* **Description of the task**:
When copying the data below, keep only the lines from the one with "reason clothing: fml" through the one with "The Hervey Ely", word for word, and skip the pictures.
··· Provided records
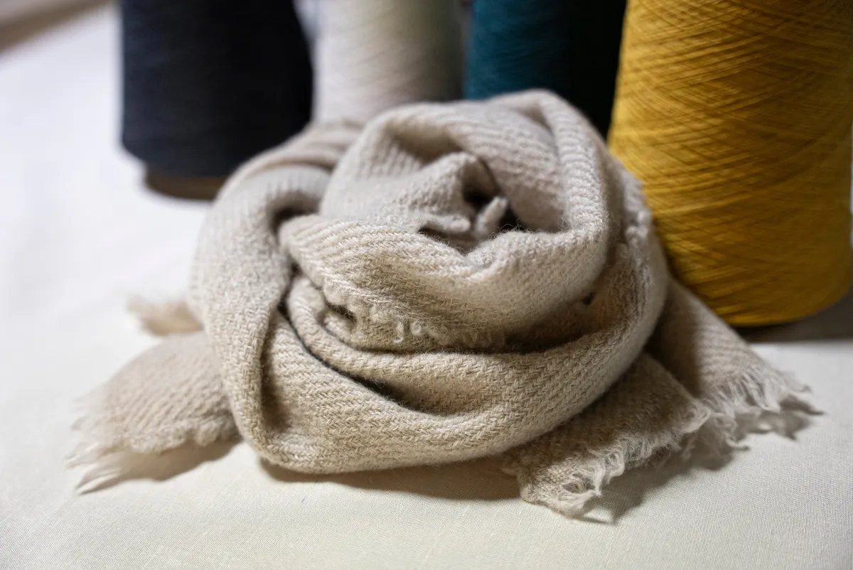 澤井織物工場でのウールストールオーダー体験
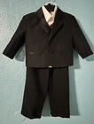 Wedding Black Suit Jacket Vest pants 4 Pcs Set Children Formal Tuxedo Host Dance Party Size :1 Unbranded Pre owned but in good condition Please see pictures for measurements and details Set has 4 pieces - 1 suit jacket black long sleeve -1 pant black -1 white shirt long sleeve -1 black vest
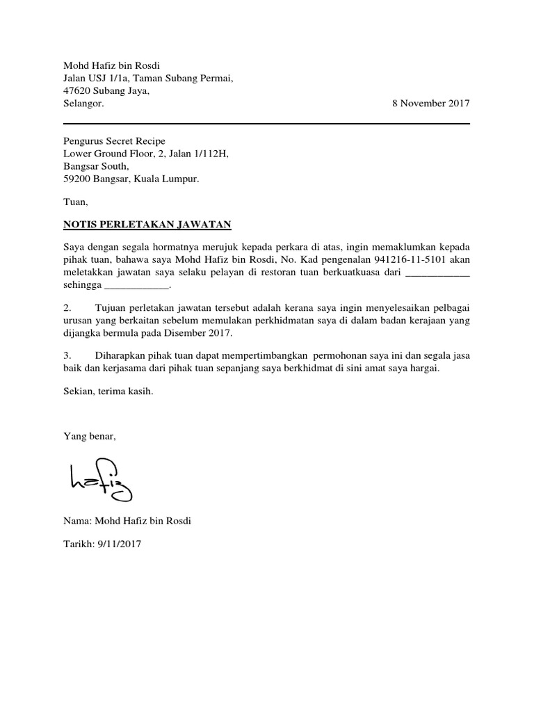Contoh Surat Berhenti Kerja 30 Hari Terkini Kerja Kosong Kerajaan
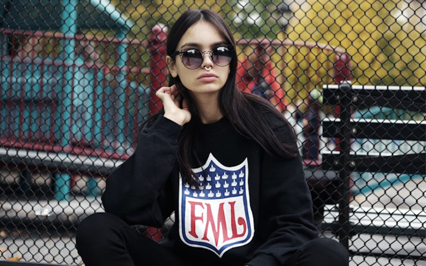 reason clothing: fml crewneck—$68. quay eyeware: steelcat—$45. galisfly: sun tribal faux septum ring—$34. (available here.)
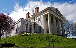 The Hervey Ely House is located on Troupe Street in the Third Ward Historic District of Rochester, New York. The house immensely impacted the architecture emerging around it, with Greek Revival styles becoming prevalent and popular during the early 19th Century period. [4]
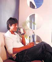 | Shah Rukh Khan relaxing in his chalet during a break from KBC shooting |
······
* **Answer for this exercise**:
 reason clothing: fml crewneck—$68. quay eyeware: steelcat—$45. galisfly: sun tribal faux septum ring—$34. (available here.)
 The Hervey Ely House is located on Troupe Street in the Third Ward Historic District of Rochester, New York. The house immensely impacted the architecture emerging around it, with Greek Revival styles becoming prevalent and popular during the early 19th Century period. [4]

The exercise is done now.